▶

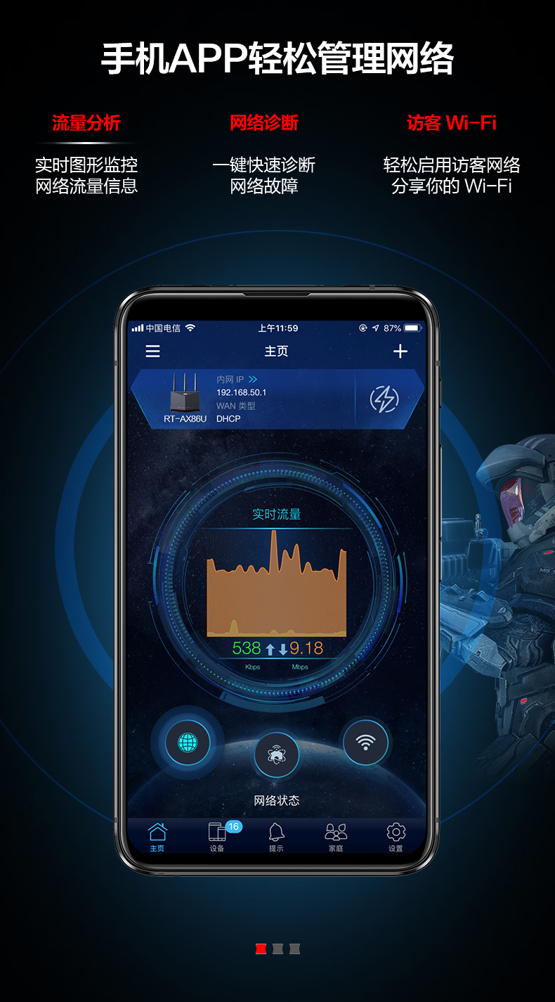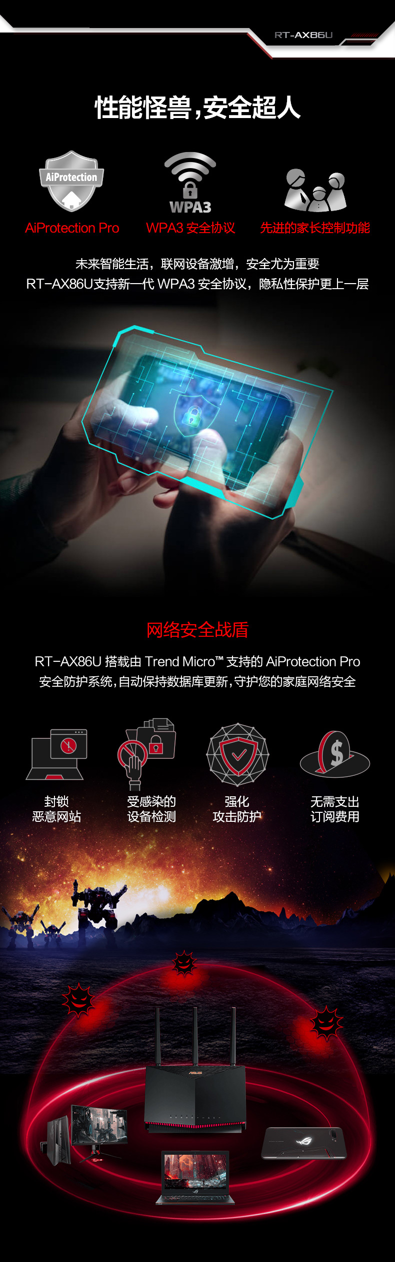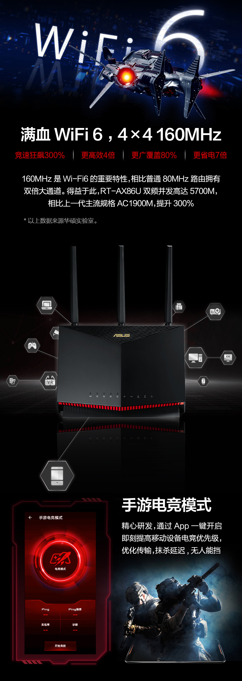 华硕(ASUS) RT-AX86U双频全千兆电竞5700M无线路由器/PS5网络搭档 【WiFi6】 博通四核2.5G端口
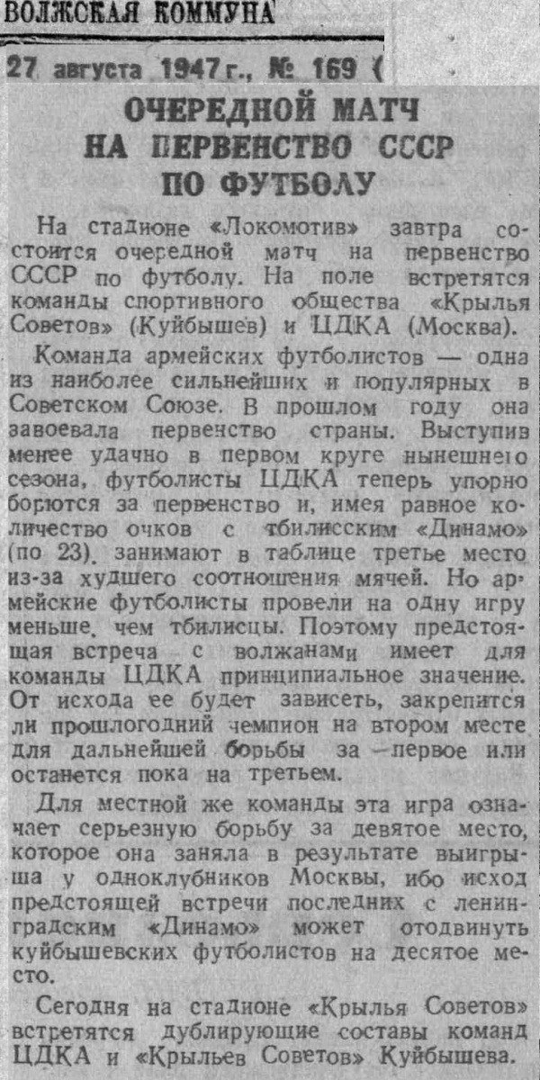 «Крылья Советов» Куйбышев - ЦДКА Москва - 1:2
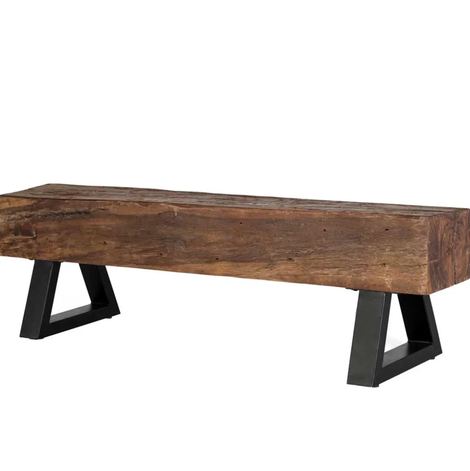 Für den sicheren Stand sorgen zwei markante Metall-Bügelbeine im Triangeldesign, die in edlem Schwarz lackiert sind. Dieses geometrische Untergestell verleiht der Bank nicht nur hohe Stabilität, sondern auch eine moderne, industrielle Note, die perfekt mit der Natürlichkeit des Holzes harmoniert. Die prägnante Formensprache macht „Evinele“ zu einem Möbelstück, das zugleich robust und elegant wirkt.
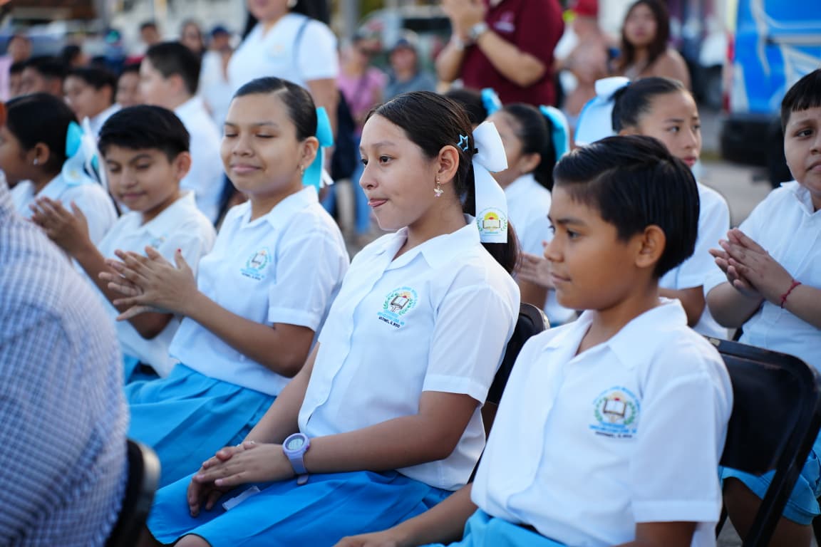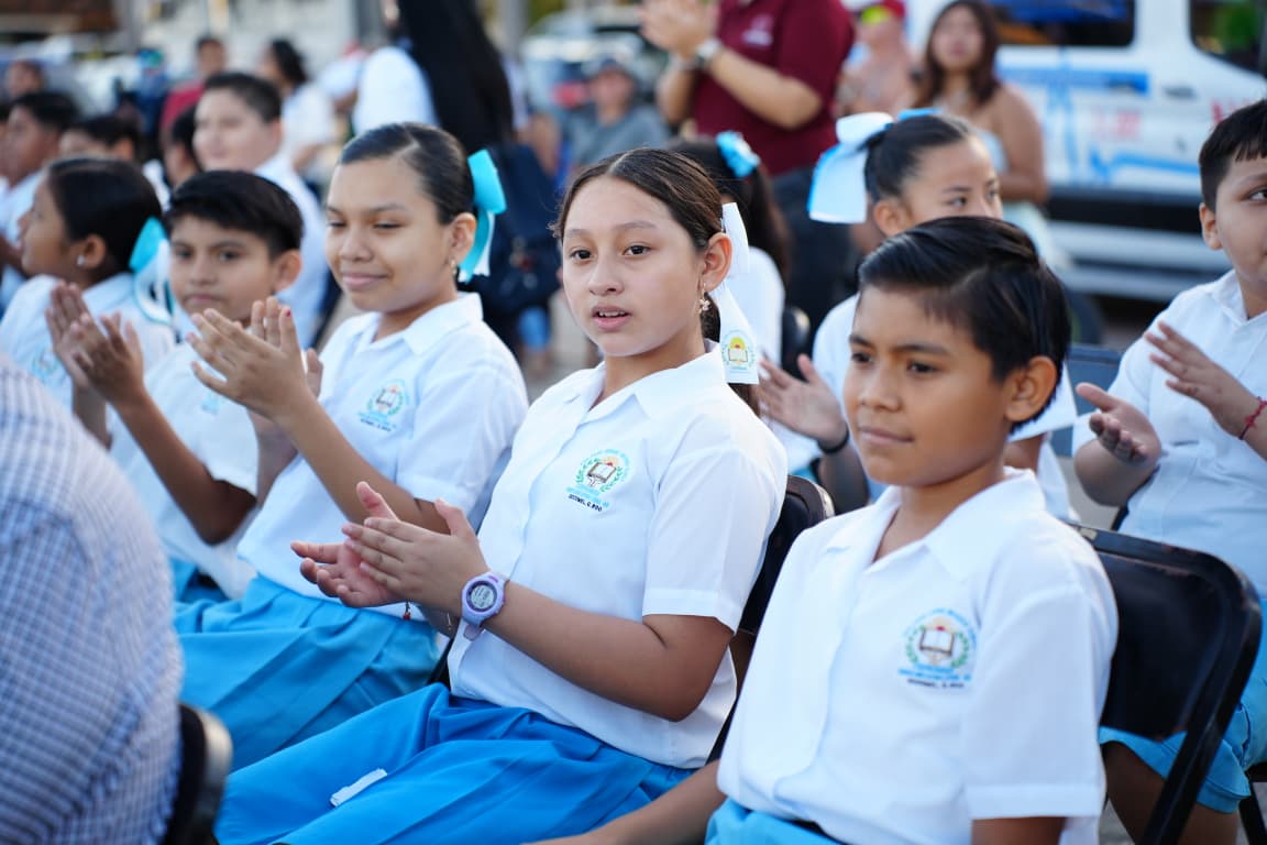 El alumno de la escuela primaria Jorge México Ojeda T.M., Rodrigo Castañeda Gamboa, del 5to B del turno matutino, realizó el juramento a la bandera. Por su parte, las y los alumnos Keily Renata Borges, Mia Guadalupe Tzuc May, Jackson de Jesús Chan Poot, Joseph Esteban Hernández Castañeda, Atenea Ferrera Mendoza y Allie Marile Mex Itzá dieron lectura a las efemérides correspondientes al mes de marzo.
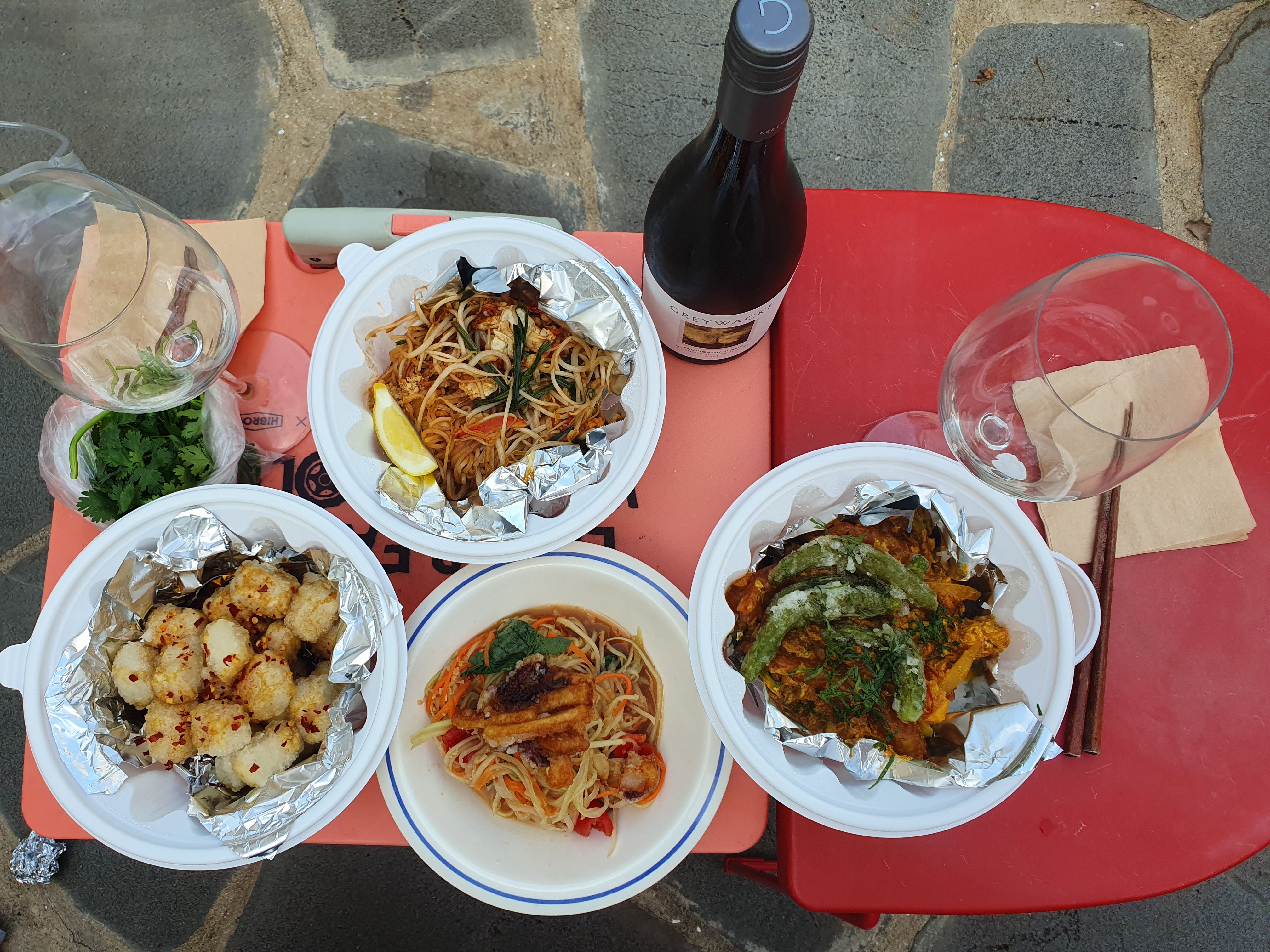 음식을 포장해서 나오는 길

◀

_Work order_
Repeat word for word the lines above, from the first entry through the line containing "Für den sicheren", with both ends kept and the pictures dropped.

_Written response_
 华硕(ASUS) RT-AX86U双频全千兆电竞5700M无线路由器/PS5网络搭档 【WiFi6】 博通四核2.5G端口
 «Крылья Советов» Куйбышев - ЦДКА Москва - 1:2
 Für den sicheren Stand sorgen zwei markante Metall-Bügelbeine im Triangeldesign, die in edlem Schwarz lackiert sind. Dieses geometrische Untergestell verleiht der Bank nicht nur hohe Stabilität, sondern auch eine moderne, industrielle Note, die perfekt mit der Natürlichkeit des Holzes harmoniert. Die prägnante Formensprache macht „Evinele“ zu einem Möbelstück, das zugleich robust und elegant wirkt.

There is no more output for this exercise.